Exercise:
All lines from the one containing "W zdarzeniu uczestniczyły: ford" down to the one containing "Сервис сравнения цен", both ends included, are to be given again exactly; omit the rest of the listing below.

Information:
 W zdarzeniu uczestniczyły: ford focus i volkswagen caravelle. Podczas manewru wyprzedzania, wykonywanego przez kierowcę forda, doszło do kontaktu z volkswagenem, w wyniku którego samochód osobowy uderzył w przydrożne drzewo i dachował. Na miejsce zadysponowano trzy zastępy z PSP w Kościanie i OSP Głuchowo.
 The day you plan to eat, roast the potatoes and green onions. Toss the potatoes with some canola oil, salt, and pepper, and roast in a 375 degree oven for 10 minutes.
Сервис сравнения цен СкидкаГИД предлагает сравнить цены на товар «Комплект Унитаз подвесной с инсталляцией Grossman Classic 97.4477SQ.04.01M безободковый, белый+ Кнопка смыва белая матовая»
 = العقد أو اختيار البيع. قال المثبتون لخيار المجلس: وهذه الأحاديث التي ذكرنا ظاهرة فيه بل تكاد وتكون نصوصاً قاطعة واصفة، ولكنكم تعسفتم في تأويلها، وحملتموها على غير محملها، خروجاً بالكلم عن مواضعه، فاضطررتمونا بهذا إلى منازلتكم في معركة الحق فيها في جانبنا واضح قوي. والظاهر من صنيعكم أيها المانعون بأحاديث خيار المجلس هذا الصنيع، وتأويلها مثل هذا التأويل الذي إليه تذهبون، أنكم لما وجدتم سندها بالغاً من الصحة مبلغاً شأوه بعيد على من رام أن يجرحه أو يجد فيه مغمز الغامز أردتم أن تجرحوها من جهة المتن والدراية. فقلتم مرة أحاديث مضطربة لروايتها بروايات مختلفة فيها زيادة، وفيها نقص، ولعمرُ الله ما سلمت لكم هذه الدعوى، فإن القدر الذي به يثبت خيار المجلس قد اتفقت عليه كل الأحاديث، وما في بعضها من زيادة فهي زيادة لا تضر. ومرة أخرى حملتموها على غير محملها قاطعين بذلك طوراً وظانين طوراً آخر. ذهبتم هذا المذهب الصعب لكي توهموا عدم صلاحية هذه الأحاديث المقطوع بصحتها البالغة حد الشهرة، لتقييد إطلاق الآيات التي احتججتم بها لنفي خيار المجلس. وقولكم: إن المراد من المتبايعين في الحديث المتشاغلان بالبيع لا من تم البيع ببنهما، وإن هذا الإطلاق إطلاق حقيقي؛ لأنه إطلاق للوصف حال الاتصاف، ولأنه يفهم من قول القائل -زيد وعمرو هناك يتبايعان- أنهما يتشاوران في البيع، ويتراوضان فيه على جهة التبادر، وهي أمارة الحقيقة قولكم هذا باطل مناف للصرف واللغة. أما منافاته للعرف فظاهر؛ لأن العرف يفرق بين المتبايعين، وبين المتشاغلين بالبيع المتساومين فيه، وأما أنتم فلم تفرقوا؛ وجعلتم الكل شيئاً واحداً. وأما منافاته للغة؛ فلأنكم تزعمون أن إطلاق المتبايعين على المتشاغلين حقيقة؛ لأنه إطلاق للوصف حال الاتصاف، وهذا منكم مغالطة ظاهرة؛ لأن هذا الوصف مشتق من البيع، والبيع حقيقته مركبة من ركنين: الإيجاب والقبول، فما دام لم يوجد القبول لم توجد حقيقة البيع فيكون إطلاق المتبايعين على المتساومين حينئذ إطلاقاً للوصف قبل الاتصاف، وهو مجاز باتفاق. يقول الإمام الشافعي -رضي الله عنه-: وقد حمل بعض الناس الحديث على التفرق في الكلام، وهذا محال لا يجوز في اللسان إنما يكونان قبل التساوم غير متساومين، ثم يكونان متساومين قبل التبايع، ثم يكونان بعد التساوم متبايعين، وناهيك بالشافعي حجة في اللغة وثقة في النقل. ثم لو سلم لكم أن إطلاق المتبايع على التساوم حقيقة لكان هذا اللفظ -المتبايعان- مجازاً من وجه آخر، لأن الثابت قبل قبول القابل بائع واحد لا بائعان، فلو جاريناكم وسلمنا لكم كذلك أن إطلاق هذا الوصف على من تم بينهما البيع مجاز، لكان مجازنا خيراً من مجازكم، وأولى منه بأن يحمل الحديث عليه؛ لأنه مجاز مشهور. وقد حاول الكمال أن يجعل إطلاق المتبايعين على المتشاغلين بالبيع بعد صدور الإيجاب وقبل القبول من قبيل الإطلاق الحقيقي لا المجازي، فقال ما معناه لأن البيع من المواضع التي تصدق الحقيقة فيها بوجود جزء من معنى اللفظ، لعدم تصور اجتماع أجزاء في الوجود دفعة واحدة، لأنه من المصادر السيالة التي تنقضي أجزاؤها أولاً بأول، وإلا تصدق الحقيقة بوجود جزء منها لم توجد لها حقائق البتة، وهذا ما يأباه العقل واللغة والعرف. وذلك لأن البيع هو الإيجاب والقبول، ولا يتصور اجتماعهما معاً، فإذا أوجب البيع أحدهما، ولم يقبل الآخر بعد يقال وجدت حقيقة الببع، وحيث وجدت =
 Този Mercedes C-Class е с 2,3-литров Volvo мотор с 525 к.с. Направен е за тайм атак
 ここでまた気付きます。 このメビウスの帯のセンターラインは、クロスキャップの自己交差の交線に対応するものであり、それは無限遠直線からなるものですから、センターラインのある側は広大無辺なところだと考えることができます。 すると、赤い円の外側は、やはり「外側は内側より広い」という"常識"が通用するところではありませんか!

---

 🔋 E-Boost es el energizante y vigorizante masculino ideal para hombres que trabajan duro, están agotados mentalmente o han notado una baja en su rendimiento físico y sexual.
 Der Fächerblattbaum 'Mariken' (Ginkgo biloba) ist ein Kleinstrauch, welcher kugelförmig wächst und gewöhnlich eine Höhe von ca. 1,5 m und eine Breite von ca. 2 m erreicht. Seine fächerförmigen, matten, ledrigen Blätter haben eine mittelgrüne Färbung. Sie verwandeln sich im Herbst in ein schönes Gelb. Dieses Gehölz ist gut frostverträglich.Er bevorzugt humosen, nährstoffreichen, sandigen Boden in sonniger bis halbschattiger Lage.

...

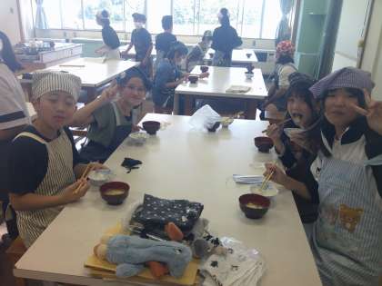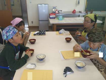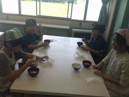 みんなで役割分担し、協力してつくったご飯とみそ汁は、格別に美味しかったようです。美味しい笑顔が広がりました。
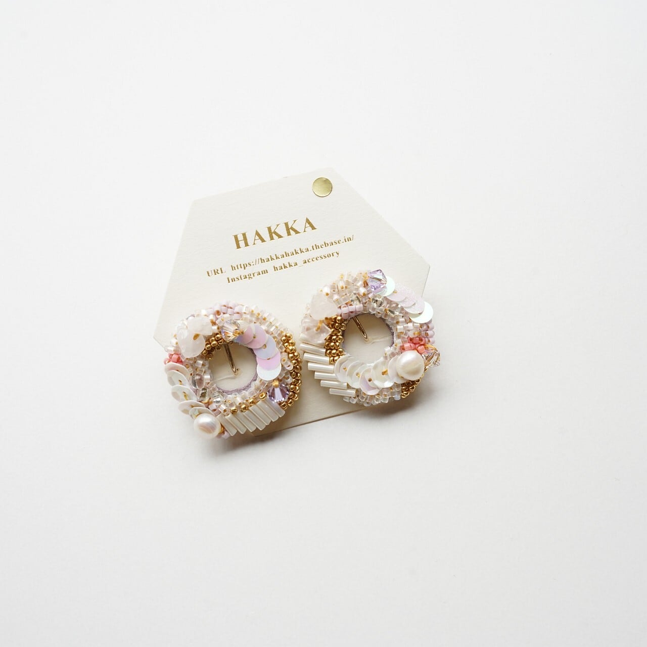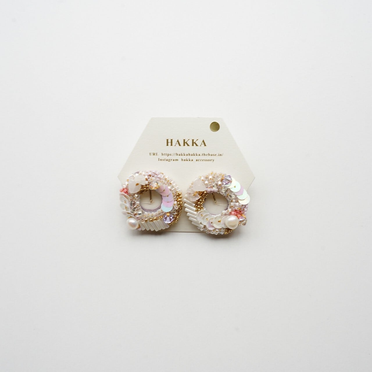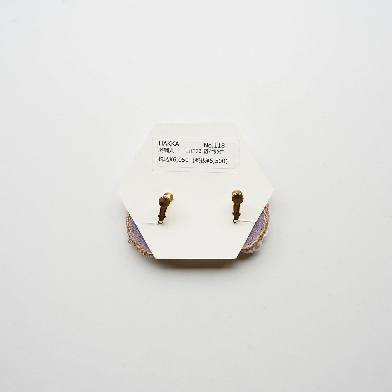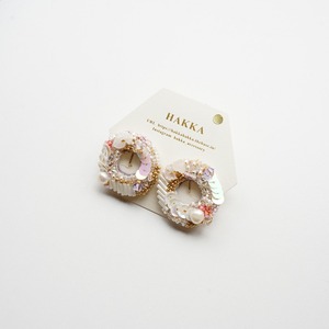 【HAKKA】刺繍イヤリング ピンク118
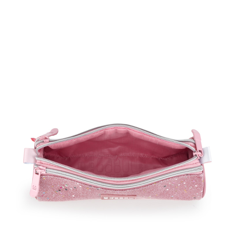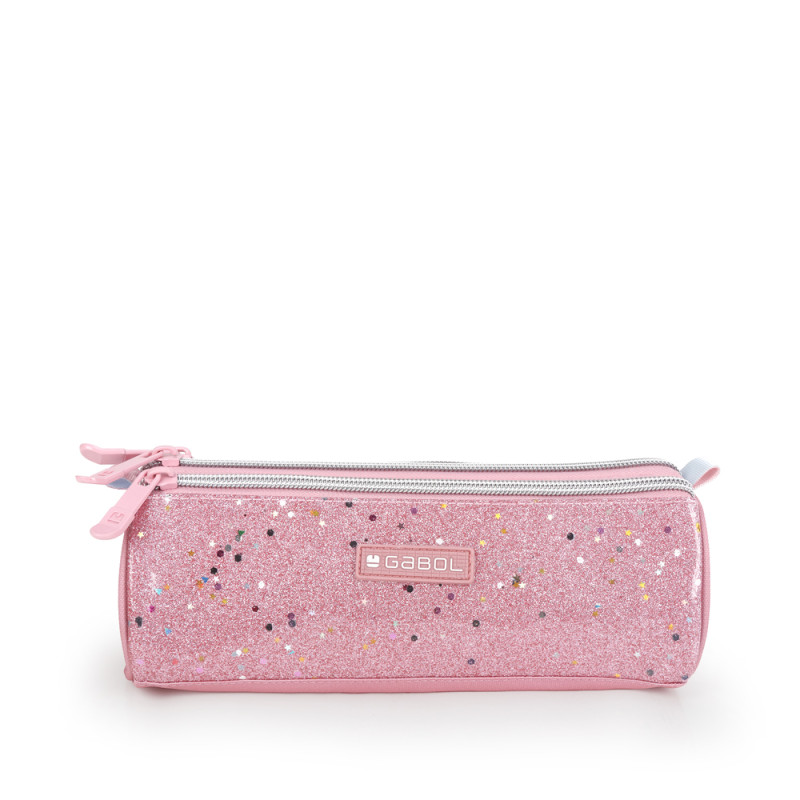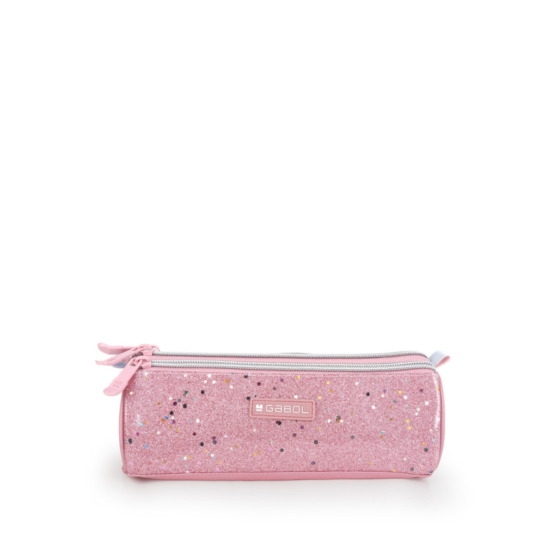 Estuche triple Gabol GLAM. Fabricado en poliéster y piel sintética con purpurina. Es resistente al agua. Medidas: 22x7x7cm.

Task solution:
 W zdarzeniu uczestniczyły: ford focus i volkswagen caravelle. Podczas manewru wyprzedzania, wykonywanego przez kierowcę forda, doszło do kontaktu z volkswagenem, w wyniku którego samochód osobowy uderzył w przydrożne drzewo i dachował. Na miejsce zadysponowano trzy zastępy z PSP w Kościanie i OSP Głuchowo.
 The day you plan to eat, roast the potatoes and green onions. Toss the potatoes with some canola oil, salt, and pepper, and roast in a 375 degree oven for 10 minutes.
Сервис сравнения цен СкидкаГИД предлагает сравнить цены на товар «Комплект Унитаз подвесной с инсталляцией Grossman Classic 97.4477SQ.04.01M безободковый, белый+ Кнопка смыва белая матовая»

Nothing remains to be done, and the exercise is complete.